Using the data below, copy out all lines with the word "estate".

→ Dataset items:
□ □ □ □
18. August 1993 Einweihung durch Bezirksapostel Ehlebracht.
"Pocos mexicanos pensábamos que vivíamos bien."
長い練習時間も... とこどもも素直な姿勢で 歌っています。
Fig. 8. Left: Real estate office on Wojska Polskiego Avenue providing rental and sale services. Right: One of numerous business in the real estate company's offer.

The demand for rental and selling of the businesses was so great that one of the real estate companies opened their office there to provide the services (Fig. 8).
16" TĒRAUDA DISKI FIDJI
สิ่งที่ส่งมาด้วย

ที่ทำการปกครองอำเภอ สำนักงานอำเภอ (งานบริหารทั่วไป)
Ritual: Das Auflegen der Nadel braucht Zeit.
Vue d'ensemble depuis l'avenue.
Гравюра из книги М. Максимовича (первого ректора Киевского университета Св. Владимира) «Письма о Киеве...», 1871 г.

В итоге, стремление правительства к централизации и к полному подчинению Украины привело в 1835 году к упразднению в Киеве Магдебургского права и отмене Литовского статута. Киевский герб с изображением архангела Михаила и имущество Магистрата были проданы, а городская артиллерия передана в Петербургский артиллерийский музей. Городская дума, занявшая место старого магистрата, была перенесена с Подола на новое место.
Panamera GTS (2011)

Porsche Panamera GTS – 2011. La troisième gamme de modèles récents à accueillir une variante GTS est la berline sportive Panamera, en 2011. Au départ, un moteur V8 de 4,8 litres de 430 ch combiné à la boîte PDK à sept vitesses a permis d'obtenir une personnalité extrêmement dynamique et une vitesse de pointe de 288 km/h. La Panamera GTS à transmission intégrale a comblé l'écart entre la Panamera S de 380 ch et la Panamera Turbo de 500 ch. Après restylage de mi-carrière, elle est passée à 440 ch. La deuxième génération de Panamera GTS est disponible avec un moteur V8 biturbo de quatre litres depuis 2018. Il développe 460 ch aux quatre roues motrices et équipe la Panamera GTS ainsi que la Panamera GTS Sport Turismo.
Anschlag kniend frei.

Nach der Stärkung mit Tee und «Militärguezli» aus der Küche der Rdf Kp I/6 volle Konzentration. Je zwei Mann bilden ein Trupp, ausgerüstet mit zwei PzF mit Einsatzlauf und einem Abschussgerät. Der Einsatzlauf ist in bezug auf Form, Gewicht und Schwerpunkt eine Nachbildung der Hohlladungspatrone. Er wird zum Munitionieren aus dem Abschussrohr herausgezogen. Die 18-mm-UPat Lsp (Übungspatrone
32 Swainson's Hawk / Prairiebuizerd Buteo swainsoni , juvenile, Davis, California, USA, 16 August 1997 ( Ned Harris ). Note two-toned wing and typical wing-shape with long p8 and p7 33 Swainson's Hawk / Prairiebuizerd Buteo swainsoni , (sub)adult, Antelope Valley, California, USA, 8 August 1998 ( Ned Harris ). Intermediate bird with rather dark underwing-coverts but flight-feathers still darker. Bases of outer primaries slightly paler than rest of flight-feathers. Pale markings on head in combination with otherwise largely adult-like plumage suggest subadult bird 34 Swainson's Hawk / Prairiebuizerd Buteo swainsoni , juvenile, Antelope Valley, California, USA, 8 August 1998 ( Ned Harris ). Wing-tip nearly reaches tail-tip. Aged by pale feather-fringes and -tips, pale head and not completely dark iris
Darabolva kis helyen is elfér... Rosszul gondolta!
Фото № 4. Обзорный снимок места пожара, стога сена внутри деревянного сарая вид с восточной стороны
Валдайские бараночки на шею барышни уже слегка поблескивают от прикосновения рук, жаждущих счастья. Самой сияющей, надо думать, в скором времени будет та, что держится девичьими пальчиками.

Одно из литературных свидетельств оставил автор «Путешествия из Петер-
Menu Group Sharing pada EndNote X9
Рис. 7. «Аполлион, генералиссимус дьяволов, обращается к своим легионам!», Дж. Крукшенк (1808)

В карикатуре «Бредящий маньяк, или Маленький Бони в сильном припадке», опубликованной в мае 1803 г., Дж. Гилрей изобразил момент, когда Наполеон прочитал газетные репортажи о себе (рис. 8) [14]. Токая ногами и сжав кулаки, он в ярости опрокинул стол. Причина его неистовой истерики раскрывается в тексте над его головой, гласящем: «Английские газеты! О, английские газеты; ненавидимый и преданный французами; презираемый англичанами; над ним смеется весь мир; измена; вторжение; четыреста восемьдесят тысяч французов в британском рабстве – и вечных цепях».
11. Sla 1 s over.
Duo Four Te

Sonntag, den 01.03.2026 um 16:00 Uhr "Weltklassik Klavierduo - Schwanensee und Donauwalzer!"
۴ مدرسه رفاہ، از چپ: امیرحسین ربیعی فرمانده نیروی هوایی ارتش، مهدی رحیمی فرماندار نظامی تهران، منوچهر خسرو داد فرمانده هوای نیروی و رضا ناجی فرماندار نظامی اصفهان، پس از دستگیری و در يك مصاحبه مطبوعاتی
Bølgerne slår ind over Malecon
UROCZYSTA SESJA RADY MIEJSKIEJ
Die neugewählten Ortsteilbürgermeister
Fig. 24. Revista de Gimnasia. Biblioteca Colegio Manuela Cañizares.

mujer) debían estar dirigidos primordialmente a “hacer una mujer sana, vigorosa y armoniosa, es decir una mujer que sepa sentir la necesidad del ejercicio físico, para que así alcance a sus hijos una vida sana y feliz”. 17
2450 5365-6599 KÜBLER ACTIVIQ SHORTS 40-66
□ □ □ □
→ ANSWER TO THE EXERCISE:
Fig. 8. Left: Real estate office on Wojska Polskiego Avenue providing rental and sale services. Right: One of numerous business in the real estate company's offer.
The demand for rental and selling of the businesses was so great that one of the real estate companies opened their office there to provide the services (Fig. 8).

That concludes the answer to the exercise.